_Task to complete:_
Include no pictures. Output exactly the lines from the one that contains "出張買取でノンノンドールのブ" through the final line of the entries.

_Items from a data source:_

= Beginning of Section =

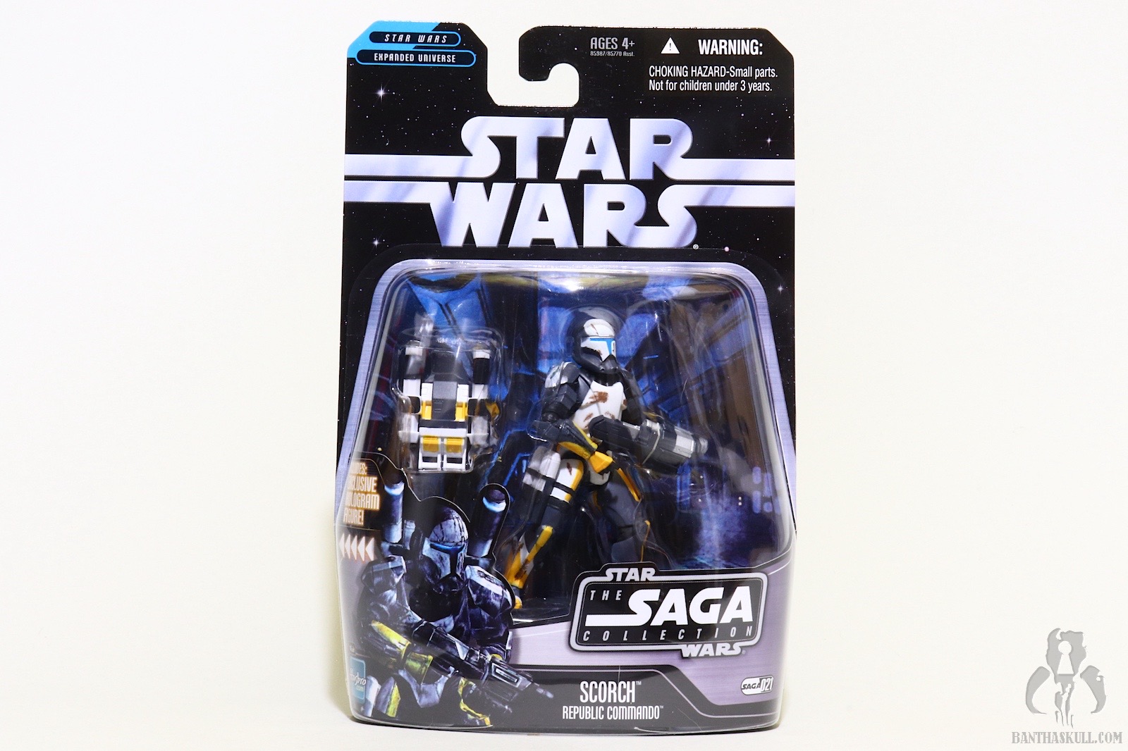 Scorch was selected to be the first member of Delta Squad to be realized in 3.75” action form. I remember thinking it was one of the more awesome figures to hunt down. To add to the fun (if you cared about such things), he was also available in the Ultimate Galactic Hunt silver chase variant. The figure seemed tricky to find at first, but if you had patience, you should have been able to find him.
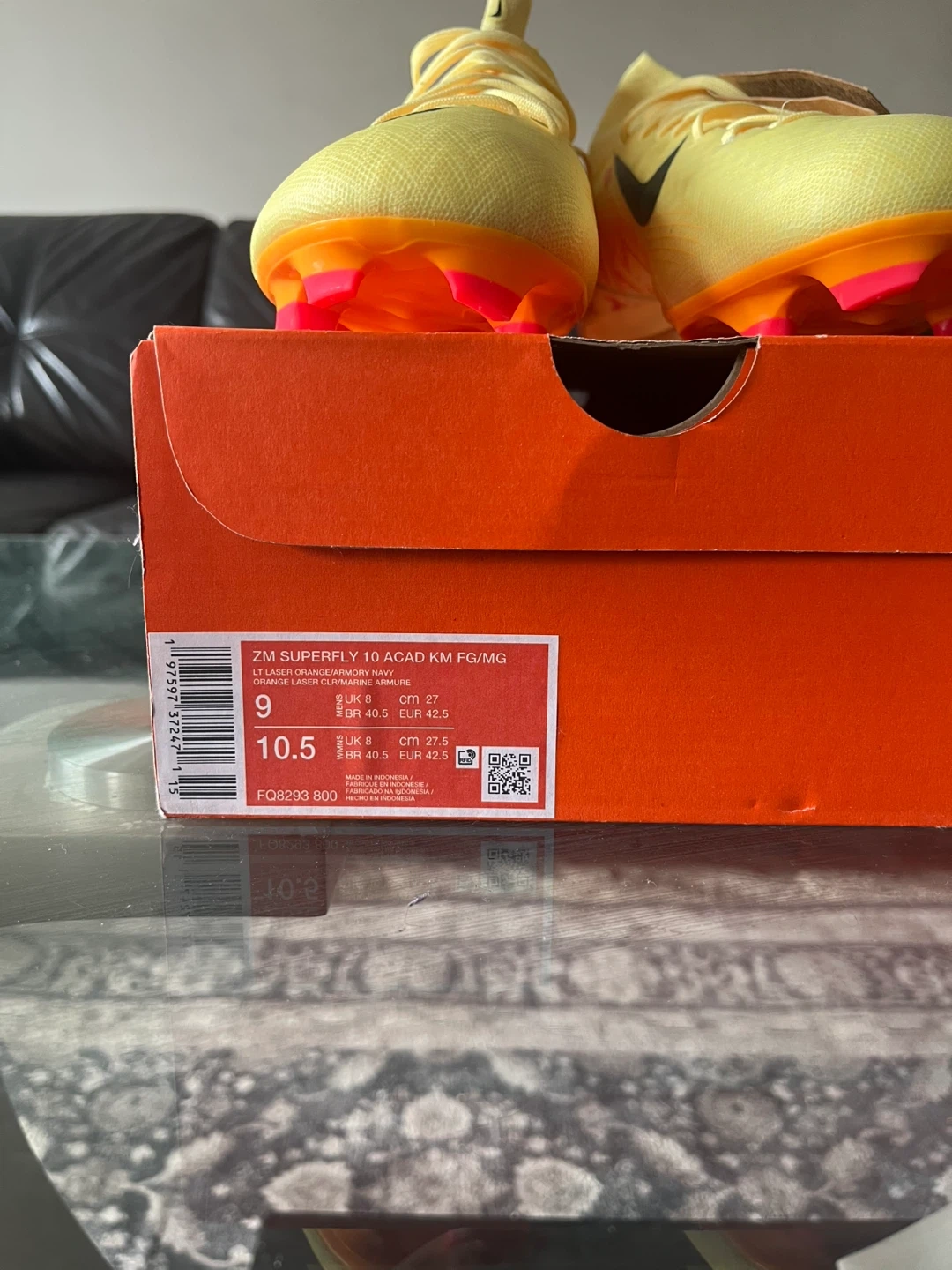 These are Nike Mercurial Superfly 10 KM FG/MG soccer cleats in a bright yellow colour. They're made with at least 20% recycled content. The size is a US Men's 9 (UK 8, EU 42.5).
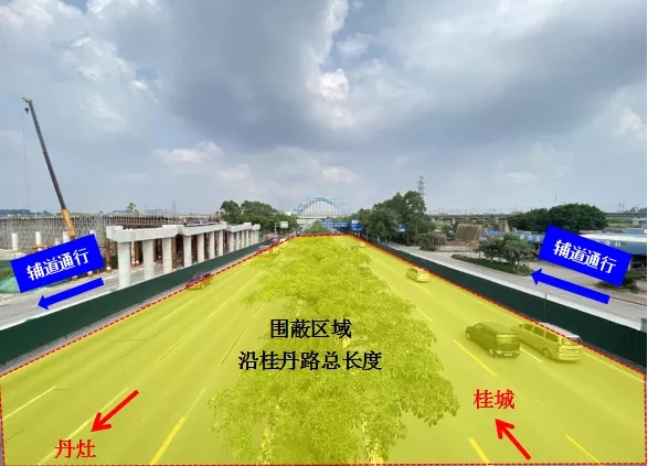 由于施工期间需要封闭桂丹路主路两条车道,桂丹路(贵广高铁-桂丹路立交)通行能力大幅下降,为避免交通拥堵,建议来往于三水、丹灶、广州之间的过境车辆可绕行广三高速、西二环高速、广明高速行驶;狮山往来桂城的可绕行广三高速、广佛新干线、兴业路、罗村大道、环站西路、环站东路。
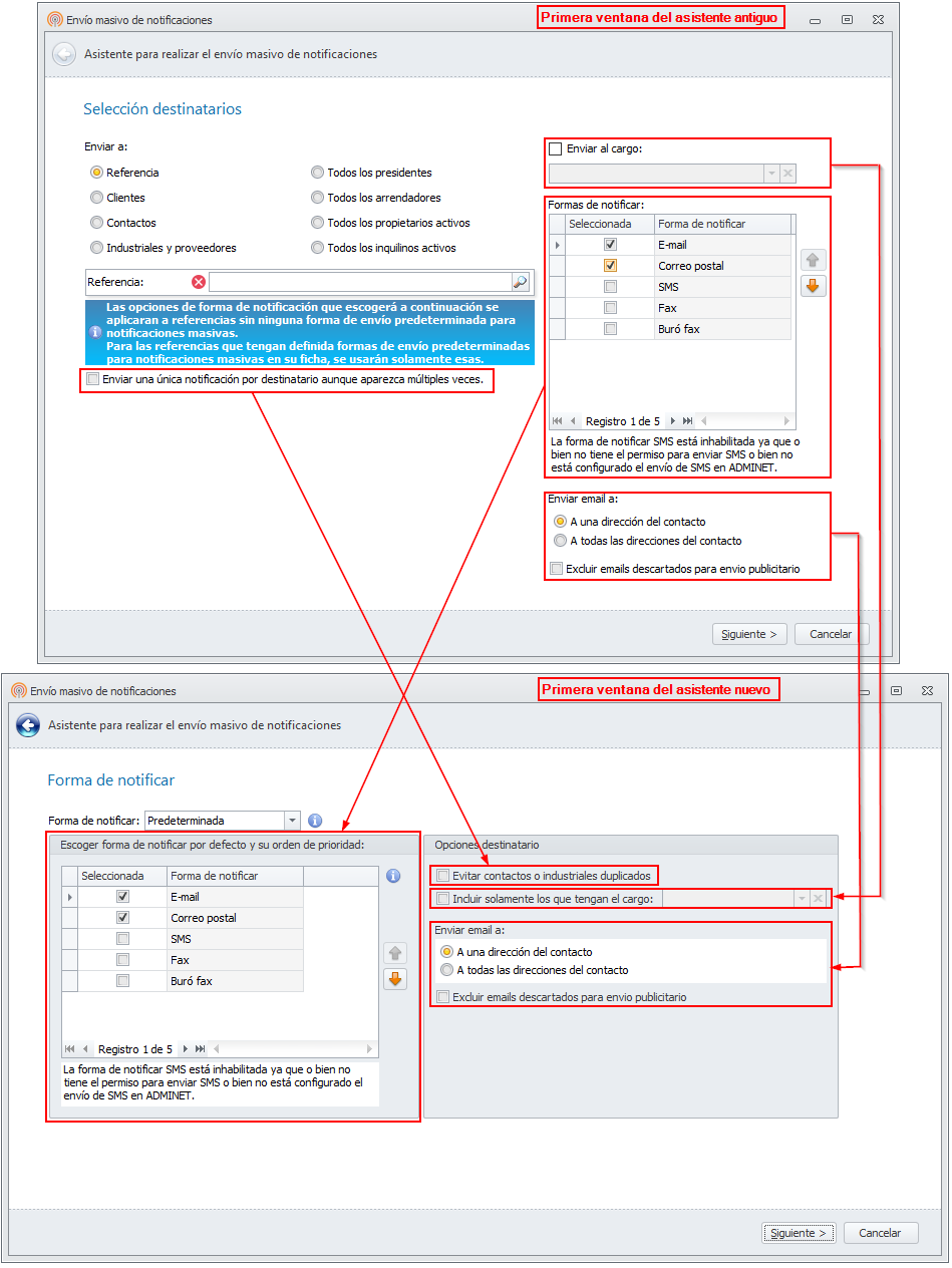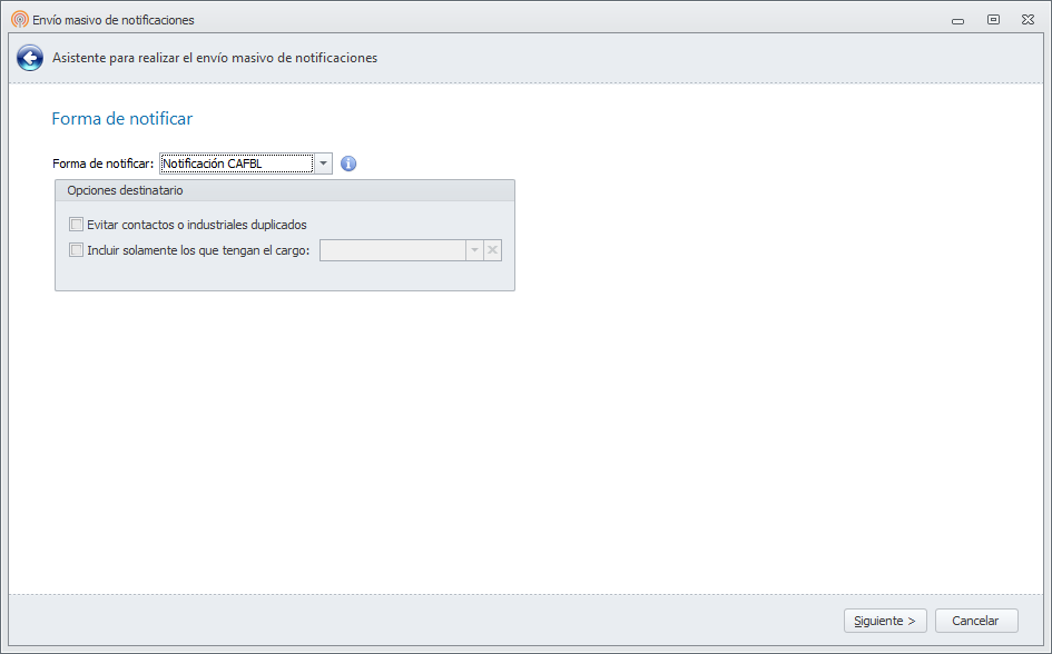 En esta ventana cabe destacar que la antigua casilla Enviar una única notificación por destinatario aunque aparezca múltiples veces se ha convertido ahora en Evitar contactos o industriales duplicados.
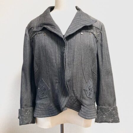 出張買取でノンノンドールのブルゾンを買取しました。デニム風の安定したグレーが大人可愛いを演出してくれます。レースやビーズの可愛らしさも適度に際立つのが嬉しいですね。
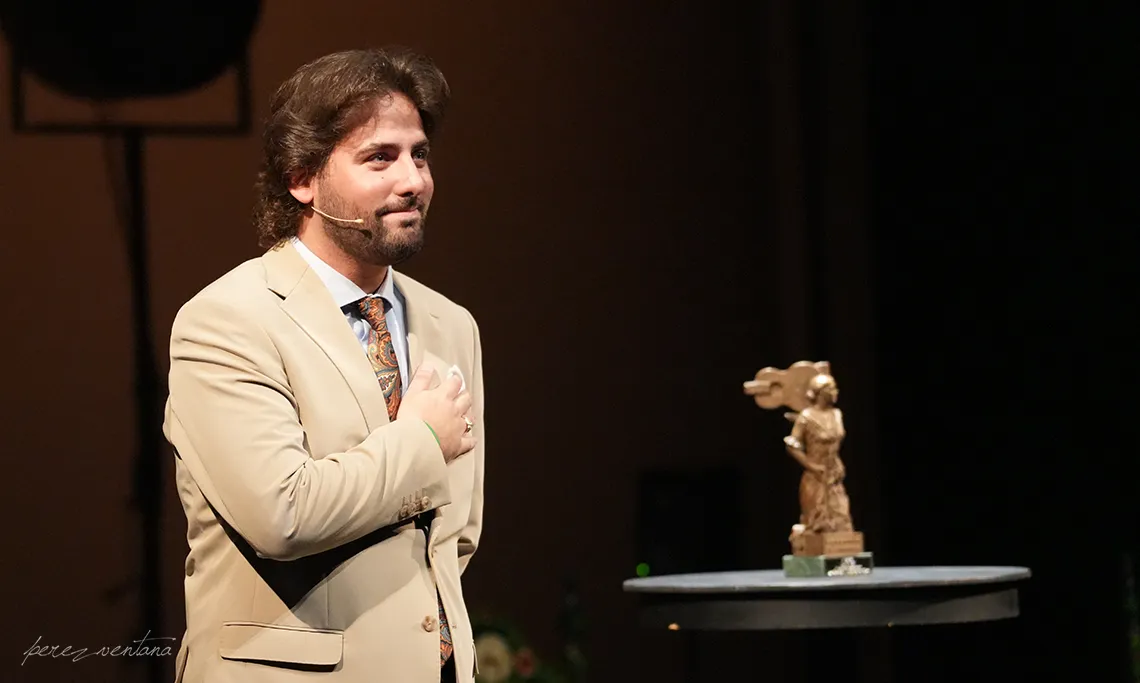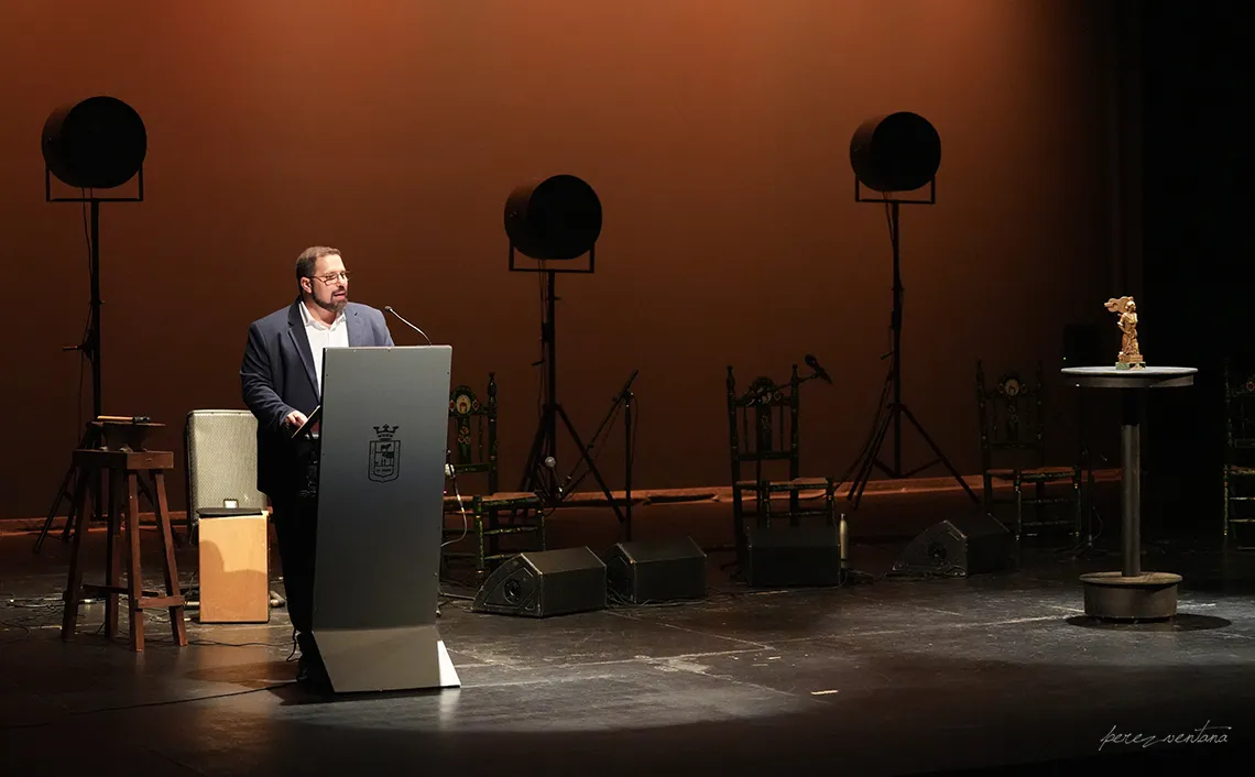 Por todo ello, llamo al escenario con el aplauso de todos ustedes al justo merecedor de La Venencia Flamenca al Cante de 2024, Juan José Amuedo Galán, Juan Juanelo.

= End of Section =

_Answer to the exercise:_
 出張買取でノンノンドールのブルゾンを買取しました。デニム風の安定したグレーが大人可愛いを演出してくれます。レースやビーズの可愛らしさも適度に際立つのが嬉しいですね。
 Por todo ello, llamo al escenario con el aplauso de todos ustedes al justo merecedor de La Venencia Flamenca al Cante de 2024, Juan José Amuedo Galán, Juan Juanelo.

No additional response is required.